Volume 14 Issue 9, September 2012

Lineage conversion has recently attracted increasing attention as a potential alternative to the directed differentiation of pluripotent cells to obtain cells of a given lineage. Different means allowing for cell identity switch have been reported. Lineage conversion relied initially on the discovery of specific transcription factors generally enriched and characteristic of the target cell, and their forced expression in cells of a different fate. This approach has been successful in various cases, from cells of the hematopoietic systems to neurons and cardiomyocytes. Furthermore, recent reports have suggested the possibility of establishing a general lineage conversion approach bypassing pluripotency. This requires a first phase of epigenetic erasure achieved by short overexpression of the factors used to reprogram cells to a pluripotent state (such as a combination of Sox2, Klf4, c-Myc and Oct4), followed by exposure to specific developmental cues. Here we present these different direct conversion methodologies and discuss their potential as alternatives to using induced pluripotent stem cells and differentiation protocols to generate cell populations of a given fate.

In a large-scale analysis, the effects of DNA damage on the levels and localization of almost every protein in an organism have now been tracked in living cells. It is shown that that although many proteins change their position or concentration, they rarely do both.

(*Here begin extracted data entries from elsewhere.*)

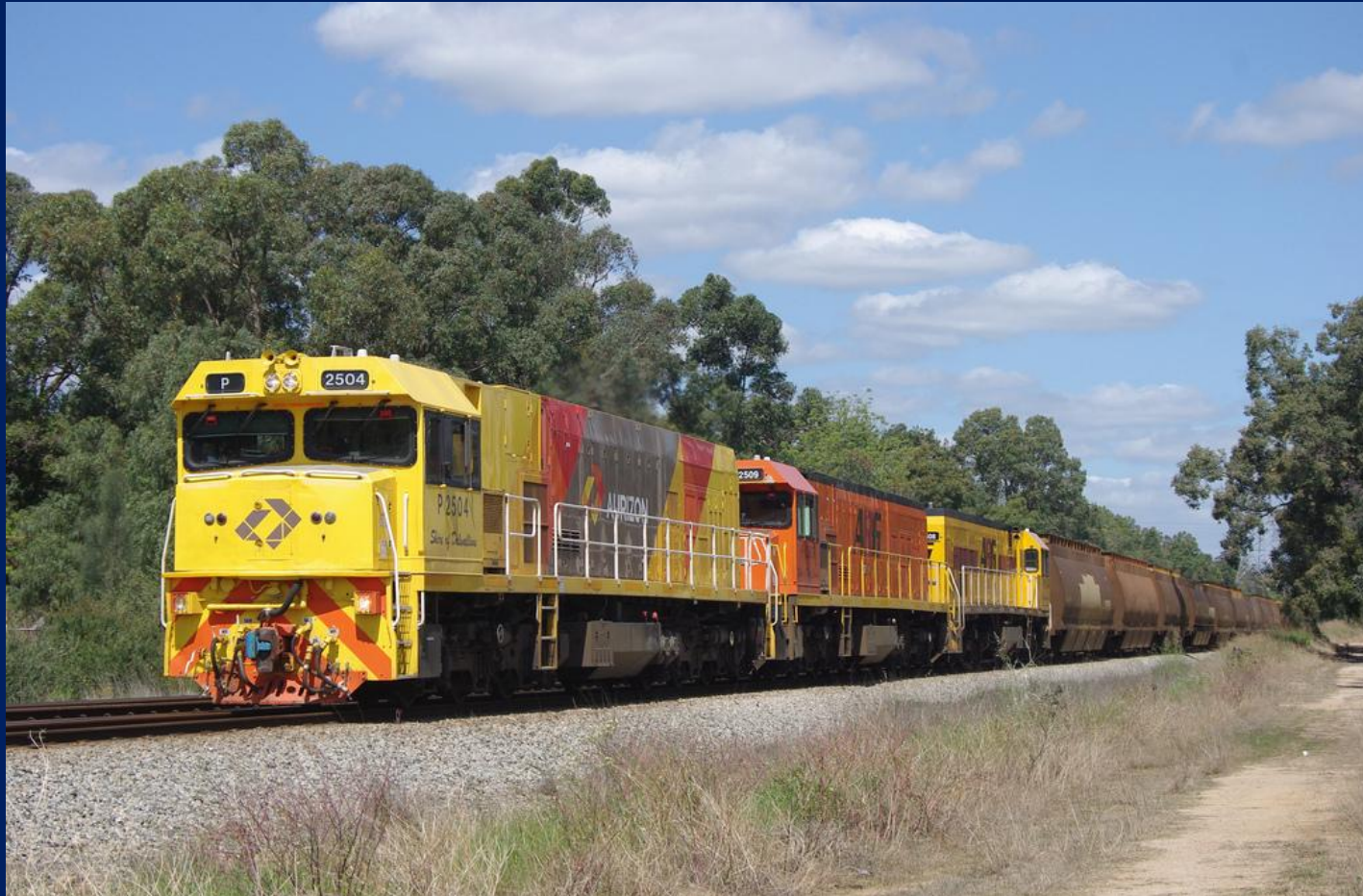
P2504, P2509 & P2508 on 3283 empty woodchip wagons to Avon at Swan View 01/10.
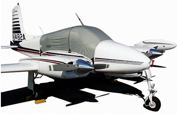
Cessna 310A Canopy Cover
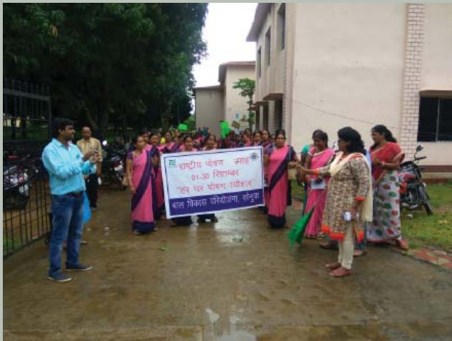
Convergence with ICDS Poshan Mah
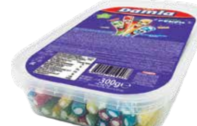
1940 DAMLA SOUR PENCIL ASSORTED BOX 300 G
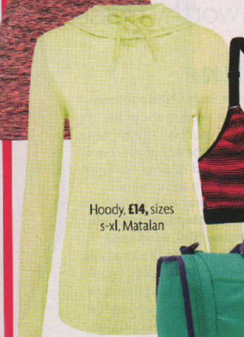
Hoodie, £14, sizes s-xl, Matalan
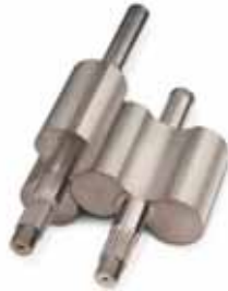
Two - lobe Straight
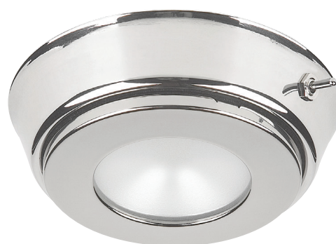
Tide w/Base & Switch
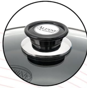
Easy Hold Knob
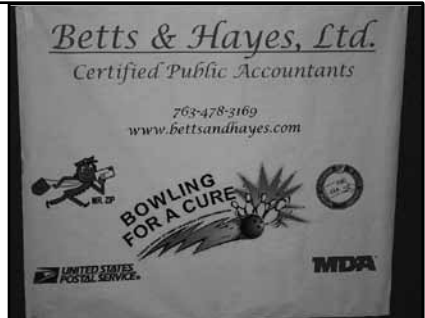
MDA Lane Sponsor Betts & Hayes, Ltd. (Branch 9's Accountants)
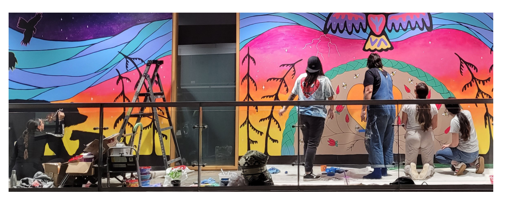
Every Child Matters
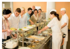
Traditional restaurant dessert
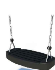
J - 'Katja' flat seat (HAG8001000)
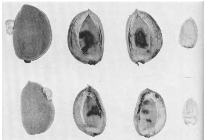
Boron-deficient almond nuts. With this amount of injury, they will usually drop in May or June.

obtained with a spray material (66 per cent B_2O_3 ) when applied annually at the rate of 1 to 2 pounds per 100 gallons of water. The time of spraying is probably not critical since good results were ob-
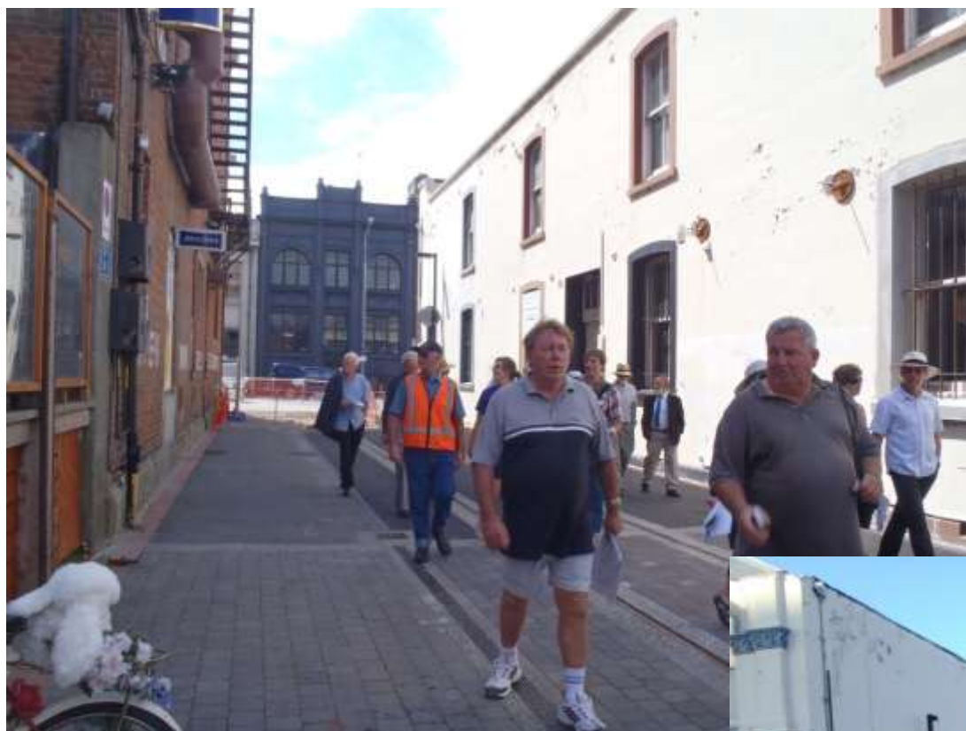
Poplar Lane 5 Feb 2011 and 1 June 2012
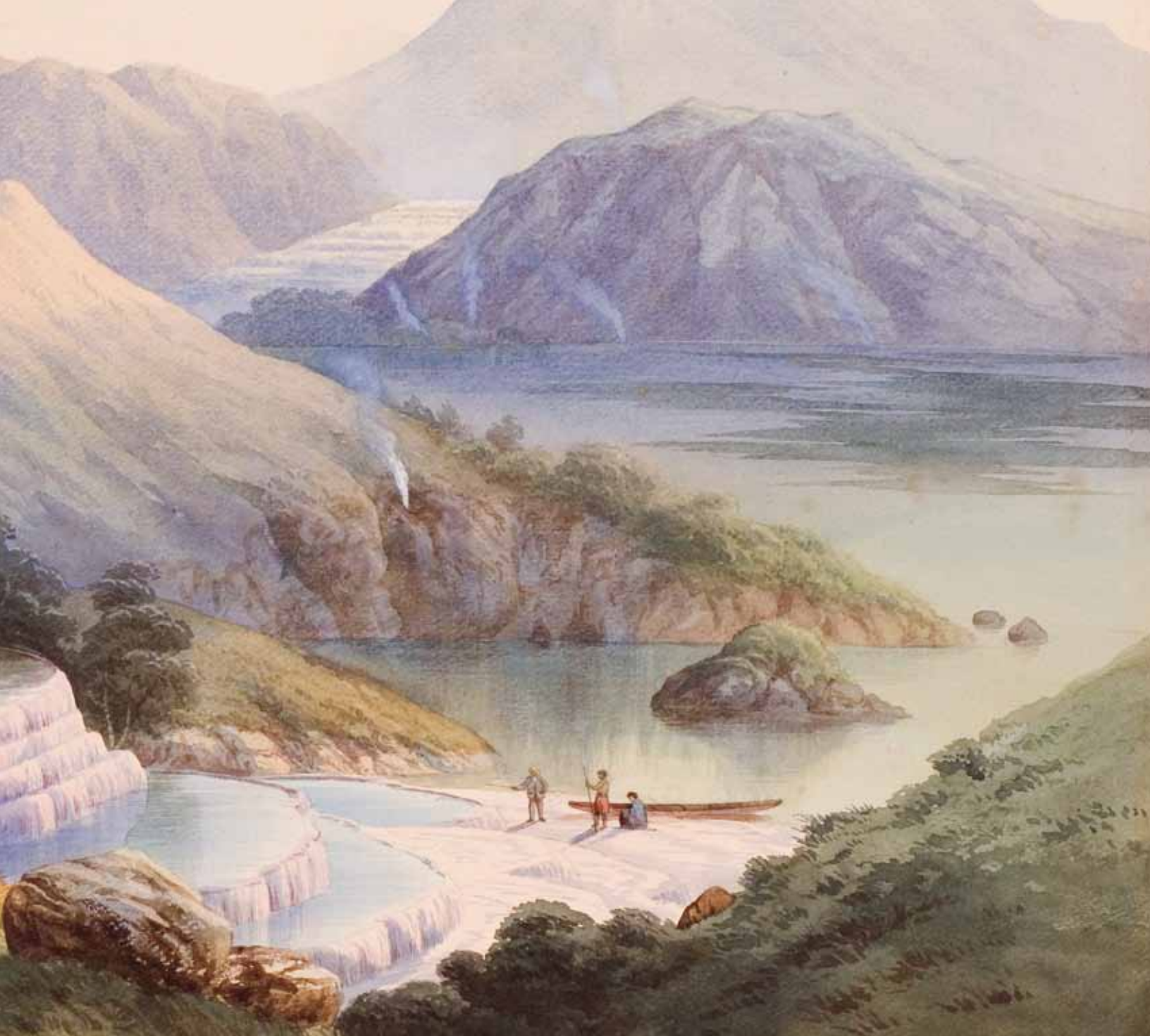
The Pink Terraces were tucked next to a hook-shaped spit of land, with the White Terraces in the background and Mount Tarawera looming behind.

from differences in mineral composition or microbial populations in their waters.
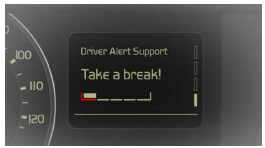
Figure 2: Driver Alert Support is an intelligent system that tracks your driving behaviour. If it differs from normal and indicates tiredness, you are alerted by a signal and a message in the display, advising you to take a break
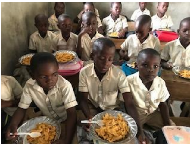
GCMO continues the school lunch program at Christville School in Fonfrede.
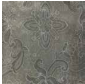
MTX Deco 24x24 Sold in sets of 4 random PCS 6 Patterns Available
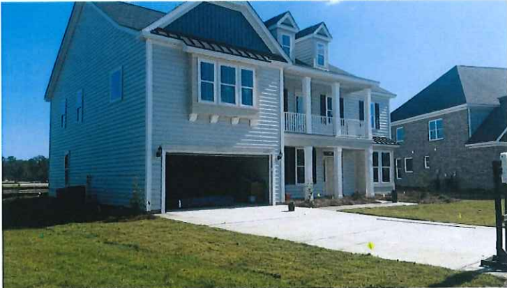
FRONT VIEW 10/19/2016
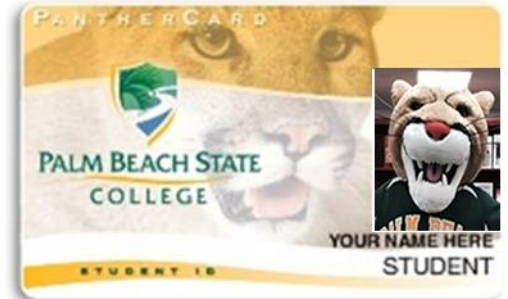
Front View Library Borrower ID

Your Borrower ID is the full 14-digit card number on the back of your PantherCard that starts with 24901. Your Pin/Password is a 4-digit number that represents your 2-digit birth month and 2-digit year of birth. So if, for example, you were born in July of 1995, your pin would be 0795.
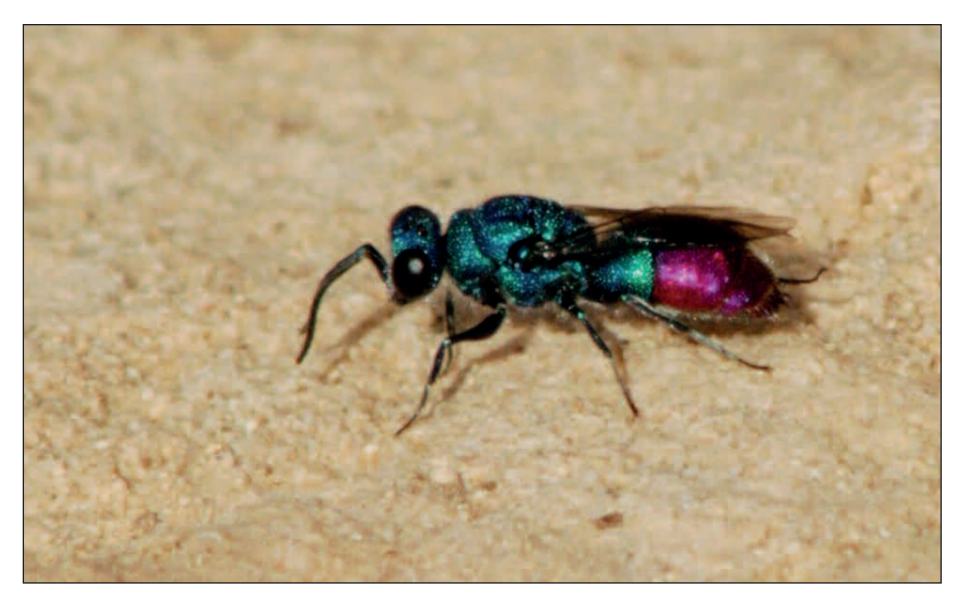
Fig. 1 — Adult Chrysis exsulans Dahlbom, 1854 at Lampedusa Island (Is. Pelagie, Sicilian Channel, Italy) 29.X.2012.
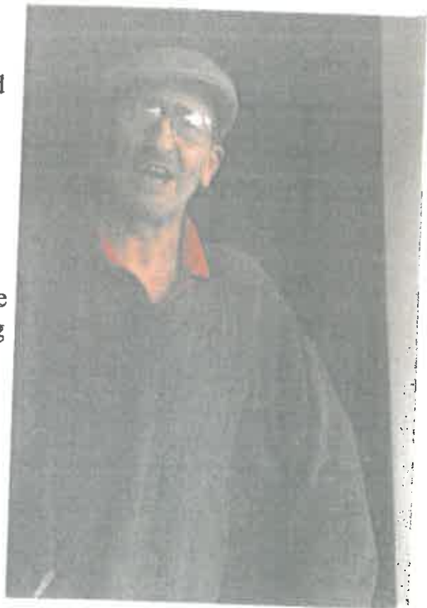
A very grateful resident
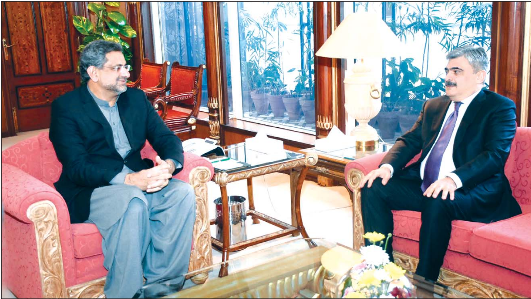
ISLAMABAD: Samir Sharifov, Finance Minister of the Republic of Azerbaijan called on Prime Minister Shahid Khaqan Abbasi, here at Prime Minister's Office, Monday.
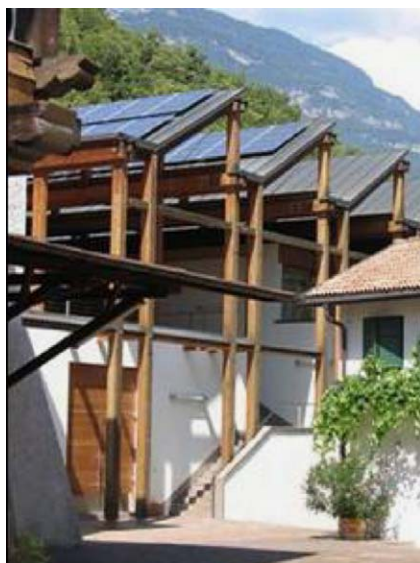
Fig. 9. Solar installation at Alois Lageder.

The Alois Lageder vineyard/winery in Bolzano, Italy promotes the use of solar thermal and PVs, including good passive design features in its winery. The winery has 24 m 2 of solar collectors with storage and has been reported to supply the winery with all the hot water it needs. In addition, 160 PV modules (136 m 2 ) are mounted
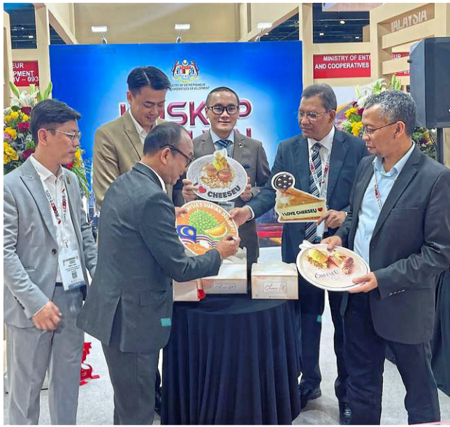
Cheeseu Bistro Sdn Bhd Nature of business: F&B Cheeseu unveiled its latest creation, a creamy and delectable Musang King Durian Cheesecake, at Mihas@Dubai 2024.
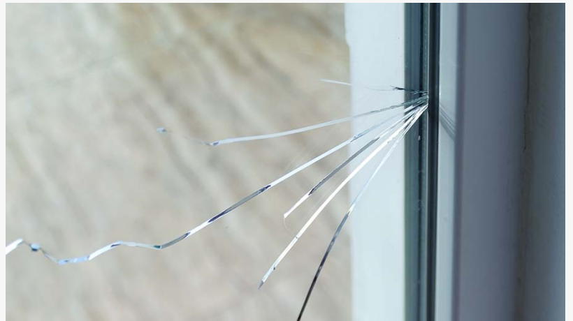
best San Antonio Texas slab repair company
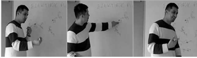
Figure 2: A representational gesture illustrating “pull and push” action (left), a deictic gesture pointing to the particle on the table (middle), a beat gesture which is a speech-related rhythmic movement (right).

particular hand movement. Circular, continuous movement of hand could be an example for a beat gesture in continuous form.
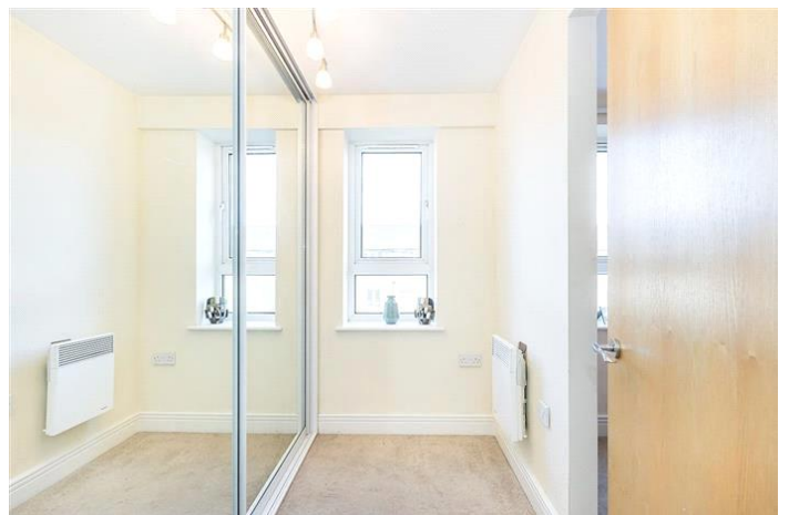
ST. DAVIDS SQUARE, ISLE OF DOGS, E14 £335,000 Leasehold

How cells sense and respond to physical forces is an area of intense investigation, which poses significant challenges for in vitro experiments and even greater obstacles for in vivo studies. Analyses of integrin complex dynamics in Drosophila melanogaster now provide evidence that altering mechanical force modulates the stability of integrin adhesion in vivo.

Kinesin-2 motors mediate anterograde intraflagellar transport (IFT) of IFT particles from the ciliary base to its tip, where particles are remodelled before retrograde transport by dynein 2 motors. Bardet-Biedl syndrome (BBS) and IFT-A proteins are now implicated in regulation of IFT assembly at the ciliary base and tip.

It is widely assumed that peripheral membrane proteins induce intracellular membrane curvature by the asymmetric insertion of a protein segment into the lipid bilayer, or by imposing shape by adhesion of a curved protein domain to the membrane surface. Two papers now provide convincing evidence challenging these views. The first shows that specific assembly of a clathrin protein scaffold, coupled to the membrane, seems to be the most prevalent mechanism for bending a lipid bilayer in a cell. The second reports that membrane crowding, driven by protein–protein interactions, can also drive membrane bending, even in the absence of any protein insertion into the bilayer.

The CDKL5 kinase is mutated in several neurodevelopmental disorders. Broccoli and colleagues find that CDKL5 regulates dendritic spine formation by phosphorylating the adhesion molecule NGL-1, which acts on synaptic contacts. They also show that neurons (derived from induced pluripotent stem cells) from patients carrying the CDKL5 mutation have aberrant dendritic spines, similarly to rodents with impaired CDKL5 function.

The last step in autophagy involves fusion of autophagosomes with lysosomes to generate autolysosomes. Through proteomics analysis and an RNAi screen, Yu and colleagues provide mechanistic insight into how lysosomes are regenerated from autolysosomes. Their analyses reveal a key role for clathrin and phosphatidylinositol-4,5-bisphosphate (PtdIns(4,5)P₂) in this process.

Tanentzapf and colleagues use genetic mutations that alter tensile force at the Drosophila myotendinous junction to demonstrate that mechanical force controls in vivo turnover of integrin and intracellular adhesion complexes.

Membrane deformation is necessary to generate endocytic vesicles, but the molecular mechanisms proposed to drive membrane bending are controversial. Stachowiak and Schmid et al. report that crowding of proteins at the membrane is sufficient to induce curvature in vitro.

Intraflagellar transport (IFT) particles are essential for the biogenesis and maintenance of cilia. They assemble at the cilium base and travel up and down the cilia, turning around at the tip, but the mechanisms that regulate these processes were not clear. Hu and colleagues reveal a role for the BBSome in IFT assembly and turnaround.

Marine and colleagues use mouse models to show that loss of Dicer or its downstream microRNA cluster miR-17–92 in retinal progenitors prevents retinoblastoma formation through a synthetic lethal interaction with Rb and p53 deficiency.

Brown and colleagues take a systems-level approach to the DNA damage response by analysing the changes in localization and abundance of proteins in response to replication stress, using a budding yeast GFP fusion library and high-throughput microscopy.